_ABOUT THIS EXERCISE_:
Without the images, output each record below as it stands.
##### INFORMATION SUPPLIED #####
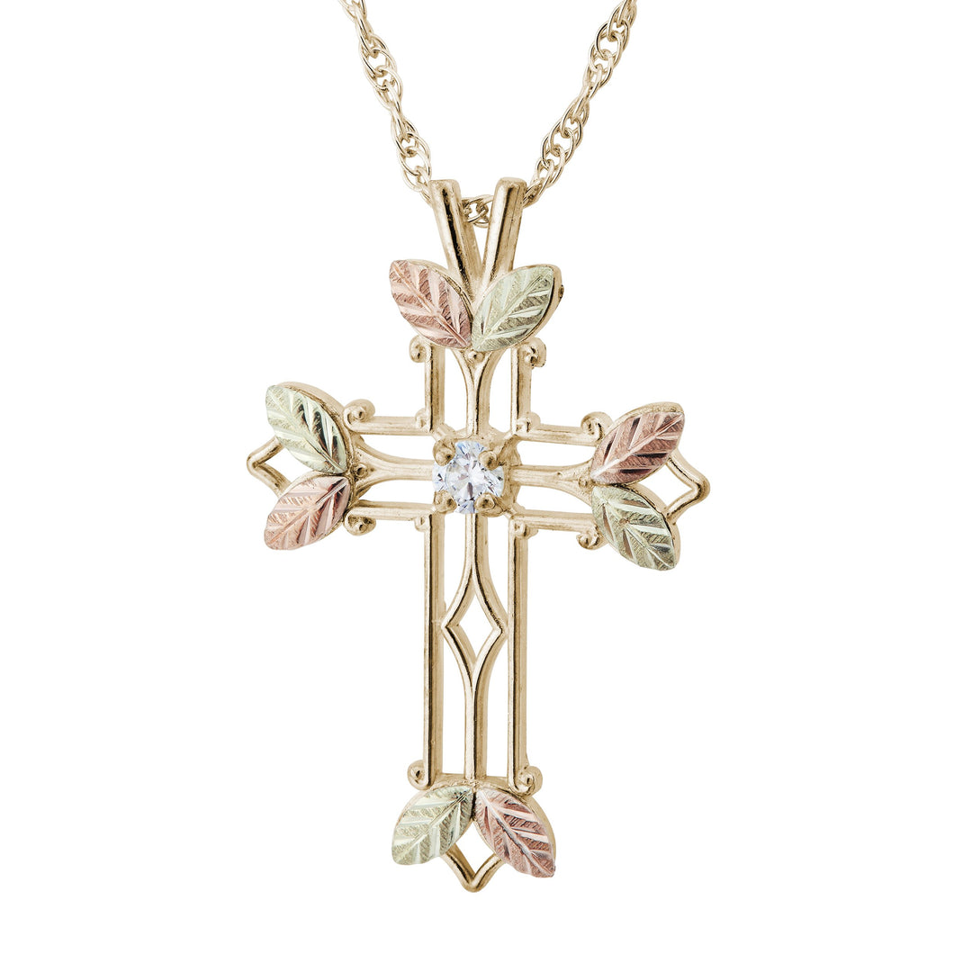 This beautiful 10k gold pendant features an intricate cross and tiny sparkling diamond. It features classic Black Hills Gold styling.
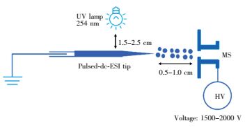 图 1. 实验装置示意图Figure 1. Schematic diagram of experimental setup. Pulsed-dc-ESI: pulsed directed current electrospray在实验前,需先将商业ESI源卸掉。实验中选择正离子模式进行检测,干燥气温度300℃; 干燥气流速2 L/min; 雾化器压力0 Psig; 毛细管电压1500 V; 毛细管出口电压175 V; 锥孔电压65 V; 八极杆电压750 V; 数据采集速率1 spectrum/s。二级信号采用Targeted MS/MS模式,保留时间0 min; 电荷数1;四极杆分辨率选择Narrow 1.3 m/z; 碰撞能量选择25 eV。
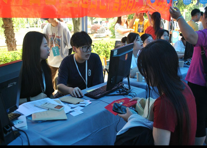 9月6日是教育学院2023级新生报到的日子,各项迎新工作忙碌而有序地展开。学校党委副书记、纪委书记、副校长邓志平及教育学院领导班子来到学院迎新现场,走访慰问工作人员及志愿者,并与新生及家长亲切交流。
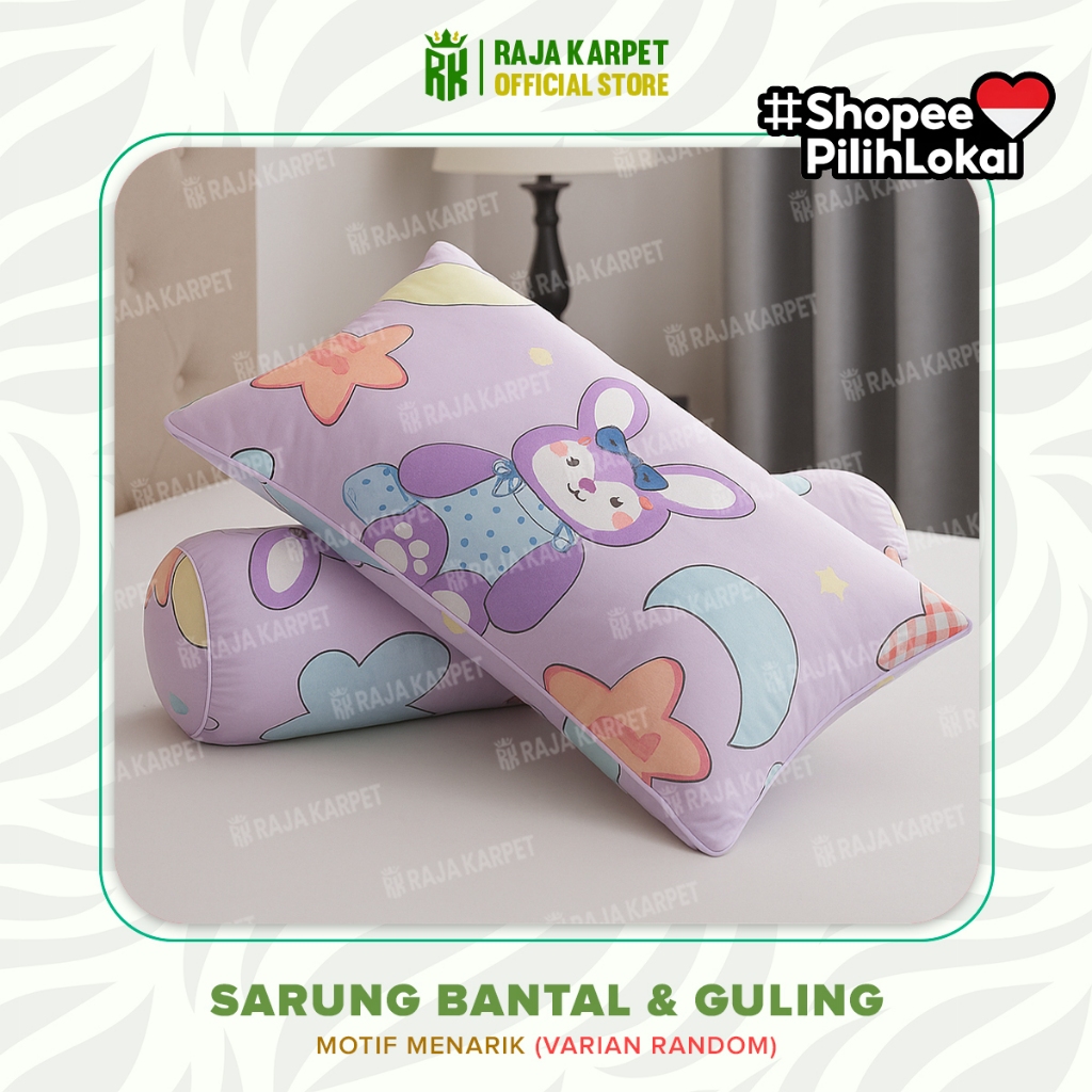 RAJA - Sarung Bantal & Sarung Guling Motif Kekinian Lucu Bahan Microtex Dikirim Random
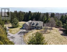 Step into this exceptional estate and experience refined country living at its absolute finest. Welcomed by a grand foyer with engineered hardwood flooring and an impressive open-concept design, elevated by soaring cathedral ceilings that create a bright and airy ambiance throughout. The main living space is anchored by a breathtaking floor-to-ceiling stone fireplace, serving as a striking focal point, while expansive double doors reveal picturesque views of 10 acres of pure serenity -At the heart of the home lies a chef-inspired kitchen, thoughtfully designed for both everyday living. Featuring quartz countertops with a seamless backsplash, custom cabinetry, stainless-steel appliances, and an impressive centre island, this space flows seamlessly to a walkout composite deck-perfect for extending your living space outdoors. The main level offers functionality with convenient laundry and four generously sized bedrooms. The primary suite is a true private retreat, complete with a luxurious five-piece ensuite featuring an oversized whirlpool tub! The finished lower level expands your living space with two spacious recreational rooms and an additional bedroom, enjoy the walkout providing direct access to the backyard. Outdoors, discover your own private oasis. Beautifully landscaped with an 8-foot deep chlorine pool, interlock lounge area with a fire pit, and a tranquil pond with sounds of flowing water.Entertain in the cabana-style pool bar, complete with a wet bar, shed. Enjoy peaceful walks through your private 10 acres of mature trees. With an elongated driveway with parking for up to 15-20 vehicles, and a versatile four-car garage-perfectly suited for a workshop, studio, or additional storage, located minutes from Hockley Valley Resort, offering year-round activities -skiing and tubing, -close to Headwaters Health Care Centre.This extraordinary property offers the perfect balance of luxury, privacy, and convenience! (id:61594)
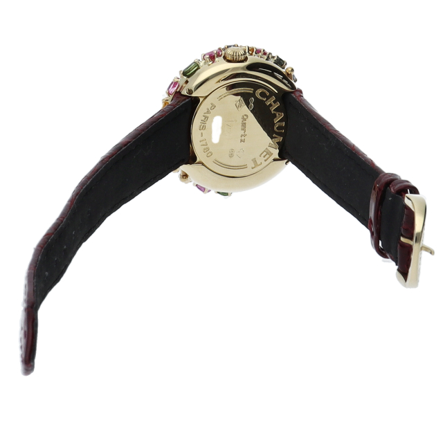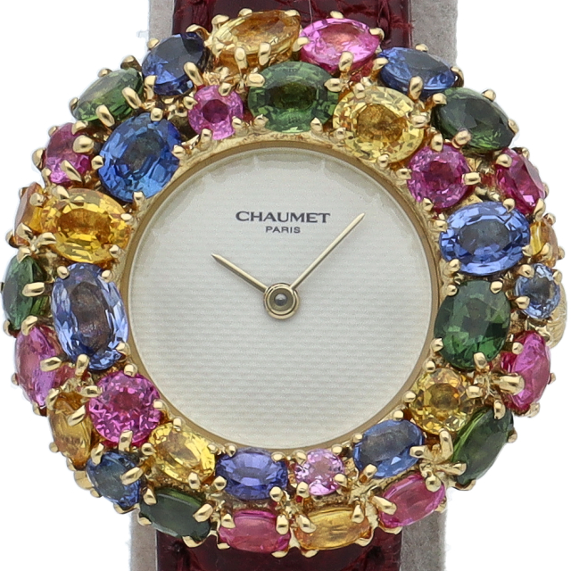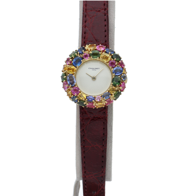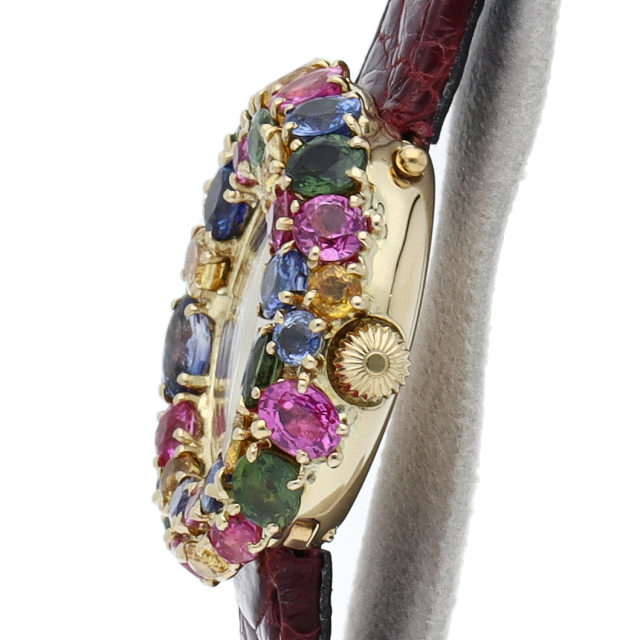 現在生産が終了している「アノー」コレクションは、腕時計の他に、指輪等も展開されていました。アノー(anneau)はフランス語で“輪”を意味しており、名前のとおり、ふっくらとした大きく丸みのある“輪”が特徴的です。イエローゴールドのケースカラフルなストーンが贅沢に施されたとても華やかなモデルです。
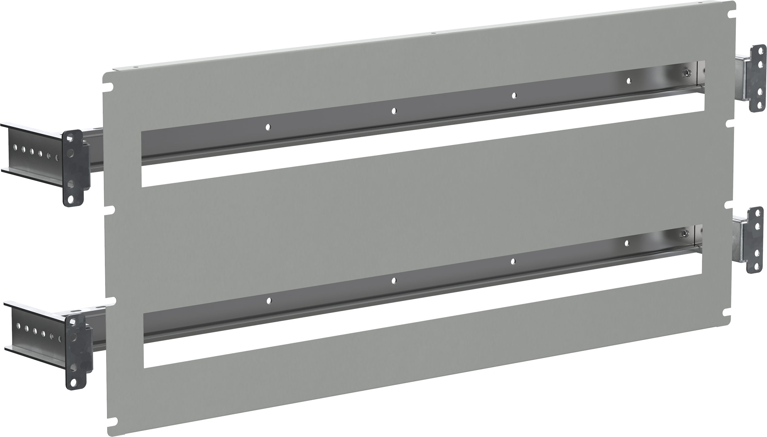 Преимущества: Кронштейн крепления DIN-рейки имеет перфорацию с возможностью регулировки отступа рейки от лицевой панели. Диапазон регулирования от 54 мм до 116,5 мм. Шаг регулирования 12,5 мм. Для монтажа лицевой панели требуется предварительная установка уголка вертикального для фальш-панелей.
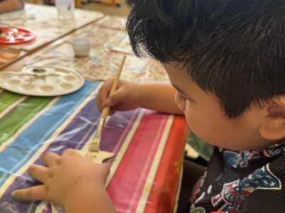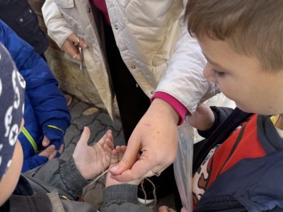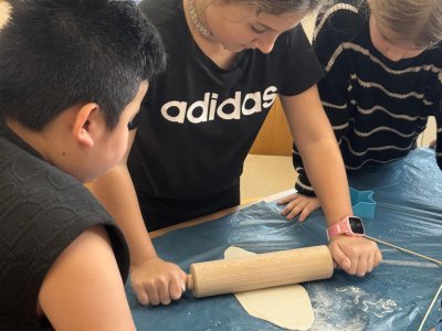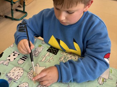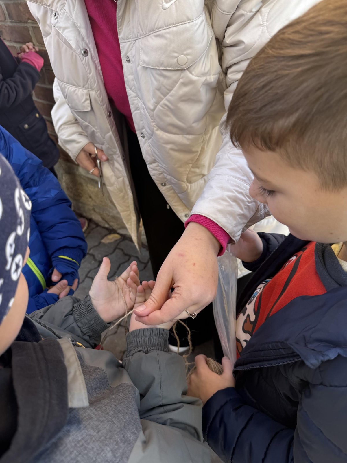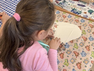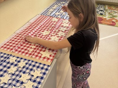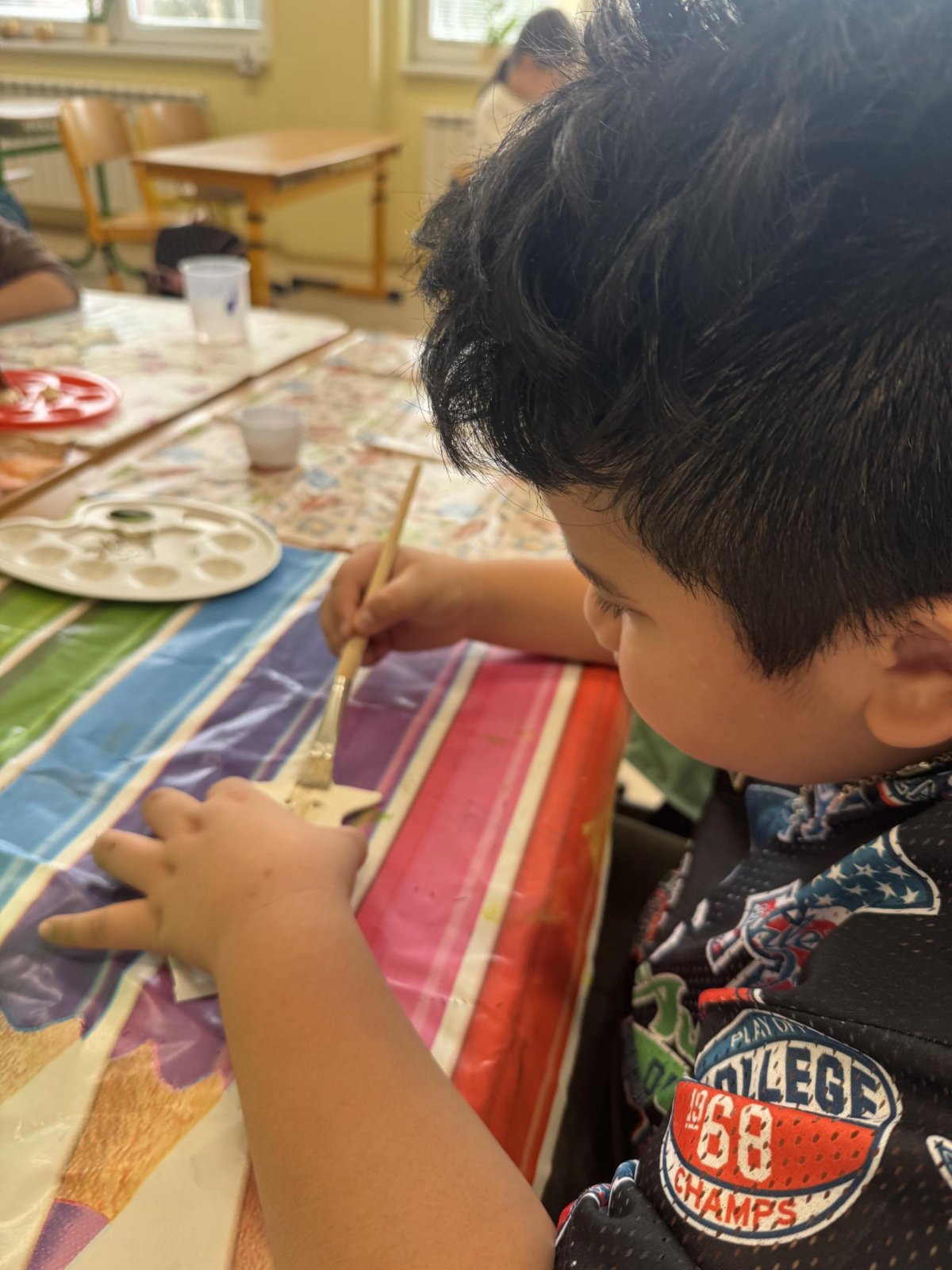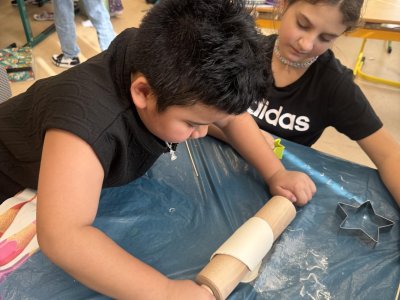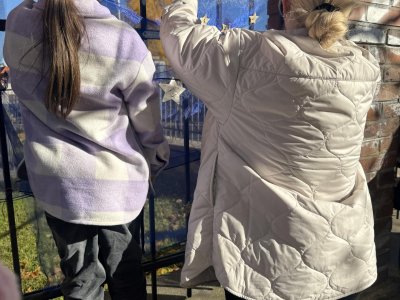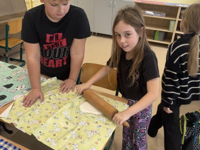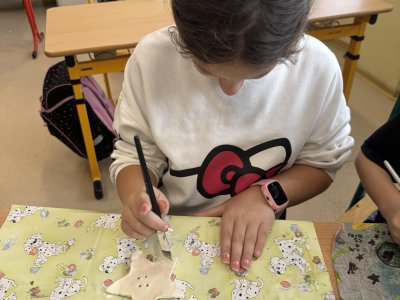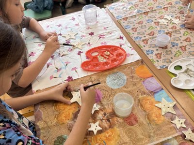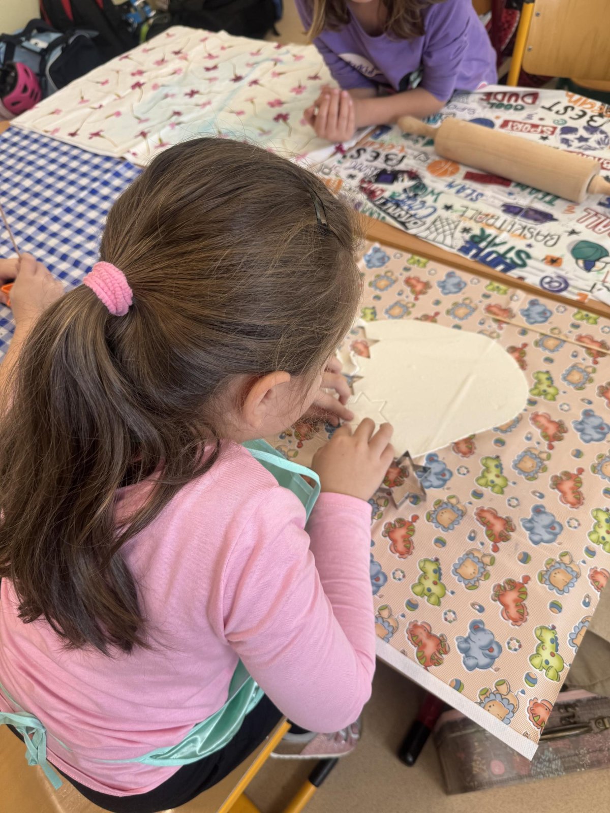 Nejdříve jsme si připravili samotvrdnoucí hmotu, kterou jsme vyváleli a pak jsme z ní vykrajovali hvězdičky. Po zatvrdnutí jsme je nabarvili krásnou zlatou barvou.
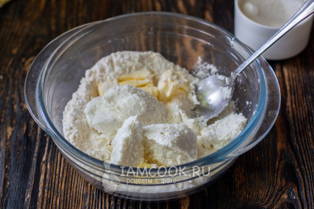 Тесто для галеты можно приготовить удобным для вас способом. Можно замешивать руками или с помощью кухонных девайсов. Я замесила руками. Для этого в глубокую миску всыпьте просеянную муку, соль и разрыхлитель. Добавьте холодное сливочное масло, нарезав его на кусочки, сахар и творог. Обратите внимание, у меня творог максимально сухой. Если у вас более влажный, то и количество муки нужно будет немного увеличить.
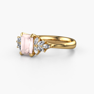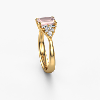 This 14 Carat gold ring is called Fiona EME and is set with 7x5 mm morganite champagne. What is it that makes your relationship unique? What is it about her that makes you want to bend down on one knee? The unique bond between the two of you is emphasized by an equally unique ring. A one of a kind special pavé solitaire engagement ring made especially for her. That is why this vintage ring fits her like a glove. Each specific detail of this special gold morganite champagne set engagement ring is hand-picked, crafted and polished by our expert goldsmith. The result is an exquisite ring, unique and perfectly crafted to perfection. That is what our expert Goldsmiths strive for. This jewel is created to add sparkle to your finger, each jewel is lovingly made by hand by our goldsmiths.Because we design and deliver our own rings, we can offer you a engagement ring at a price you won't find anywhere else. A ring is made to order, which helps prevent excess supplies, so we can make you a great price offer. We understand it feels risky, buying your engagement ring online, but we will gladly assist in the designing process, taking your budget into consideration.Our team adds new designs to our online collection daily. Our designers and goldsmiths work together in creating the best design. We strive to offer a diverse collection of jewels. Perhaps you have a specific jewel design in mind. One you came across somewhere. Please contact us for a free consultation. We will make you an offer, based on a fair price/ quality ratio, that will baffle you.To make it easier for you, we offer a 30 day return policy. Check our terms and conditions.
#####
_REPLY TO THE EXERCISE_:
 This beautiful 10k gold pendant features an intricate cross and tiny sparkling diamond. It features classic Black Hills Gold styling.
 图 1. 实验装置示意图Figure 1. Schematic diagram of experimental setup. Pulsed-dc-ESI: pulsed directed current electrospray在实验前,需先将商业ESI源卸掉。实验中选择正离子模式进行检测,干燥气温度300℃; 干燥气流速2 L/min; 雾化器压力0 Psig; 毛细管电压1500 V; 毛细管出口电压175 V; 锥孔电压65 V; 八极杆电压750 V; 数据采集速率1 spectrum/s。二级信号采用Targeted MS/MS模式,保留时间0 min; 电荷数1;四极杆分辨率选择Narrow 1.3 m/z; 碰撞能量选择25 eV。
 9月6日是教育学院2023级新生报到的日子,各项迎新工作忙碌而有序地展开。学校党委副书记、纪委书记、副校长邓志平及教育学院领导班子来到学院迎新现场,走访慰问工作人员及志愿者,并与新生及家长亲切交流。
 RAJA - Sarung Bantal & Sarung Guling Motif Kekinian Lucu Bahan Microtex Dikirim Random
 Step into this exceptional estate and experience refined country living at its absolute finest. Welcomed by a grand foyer with engineered hardwood flooring and an impressive open-concept design, elevated by soaring cathedral ceilings that create a bright and airy ambiance throughout. The main living space is anchored by a breathtaking floor-to-ceiling stone fireplace, serving as a striking focal point, while expansive double doors reveal picturesque views of 10 acres of pure serenity -At the heart of the home lies a chef-inspired kitchen, thoughtfully designed for both everyday living. Featuring quartz countertops with a seamless backsplash, custom cabinetry, stainless-steel appliances, and an impressive centre island, this space flows seamlessly to a walkout composite deck-perfect for extending your living space outdoors. The main level offers functionality with convenient laundry and four generously sized bedrooms. The primary suite is a true private retreat, complete with a luxurious five-piece ensuite featuring an oversized whirlpool tub! The finished lower level expands your living space with two spacious recreational rooms and an additional bedroom, enjoy the walkout providing direct access to the backyard. Outdoors, discover your own private oasis. Beautifully landscaped with an 8-foot deep chlorine pool, interlock lounge area with a fire pit, and a tranquil pond with sounds of flowing water.Entertain in the cabana-style pool bar, complete with a wet bar, shed. Enjoy peaceful walks through your private 10 acres of mature trees. With an elongated driveway with parking for up to 15-20 vehicles, and a versatile four-car garage-perfectly suited for a workshop, studio, or additional storage, located minutes from Hockley Valley Resort, offering year-round activities -skiing and tubing, -close to Headwaters Health Care Centre.This extraordinary property offers the perfect balance of luxury, privacy, and convenience! (id:61594)
 現在生産が終了している「アノー」コレクションは、腕時計の他に、指輪等も展開されていました。アノー(anneau)はフランス語で“輪”を意味しており、名前のとおり、ふっくらとした大きく丸みのある“輪”が特徴的です。イエローゴールドのケースカラフルなストーンが贅沢に施されたとても華やかなモデルです。
 Преимущества: Кронштейн крепления DIN-рейки имеет перфорацию с возможностью регулировки отступа рейки от лицевой панели. Диапазон регулирования от 54 мм до 116,5 мм. Шаг регулирования 12,5 мм. Для монтажа лицевой панели требуется предварительная установка уголка вертикального для фальш-панелей.
 Nejdříve jsme si připravili samotvrdnoucí hmotu, kterou jsme vyváleli a pak jsme z ní vykrajovali hvězdičky. Po zatvrdnutí jsme je nabarvili krásnou zlatou barvou.
 Тесто для галеты можно приготовить удобным для вас способом. Можно замешивать руками или с помощью кухонных девайсов. Я замесила руками. Для этого в глубокую миску всыпьте просеянную муку, соль и разрыхлитель. Добавьте холодное сливочное масло, нарезав его на кусочки, сахар и творог. Обратите внимание, у меня творог максимально сухой. Если у вас более влажный, то и количество муки нужно будет немного увеличить.
 This 14 Carat gold ring is called Fiona EME and is set with 7x5 mm morganite champagne. What is it that makes your relationship unique? What is it about her that makes you want to bend down on one knee? The unique bond between the two of you is emphasized by an equally unique ring. A one of a kind special pavé solitaire engagement ring made especially for her. That is why this vintage ring fits her like a glove. Each specific detail of this special gold morganite champagne set engagement ring is hand-picked, crafted and polished by our expert goldsmith. The result is an exquisite ring, unique and perfectly crafted to perfection. That is what our expert Goldsmiths strive for. This jewel is created to add sparkle to your finger, each jewel is lovingly made by hand by our goldsmiths.Because we design and deliver our own rings, we can offer you a engagement ring at a price you won't find anywhere else. A ring is made to order, which helps prevent excess supplies, so we can make you a great price offer. We understand it feels risky, buying your engagement ring online, but we will gladly assist in the designing process, taking your budget into consideration.Our team adds new designs to our online collection daily. Our designers and goldsmiths work together in creating the best design. We strive to offer a diverse collection of jewels. Perhaps you have a specific jewel design in mind. One you came across somewhere. Please contact us for a free consultation. We will make you an offer, based on a fair price/ quality ratio, that will baffle you.To make it easier for you, we offer a 30 day return policy. Check our terms and conditions.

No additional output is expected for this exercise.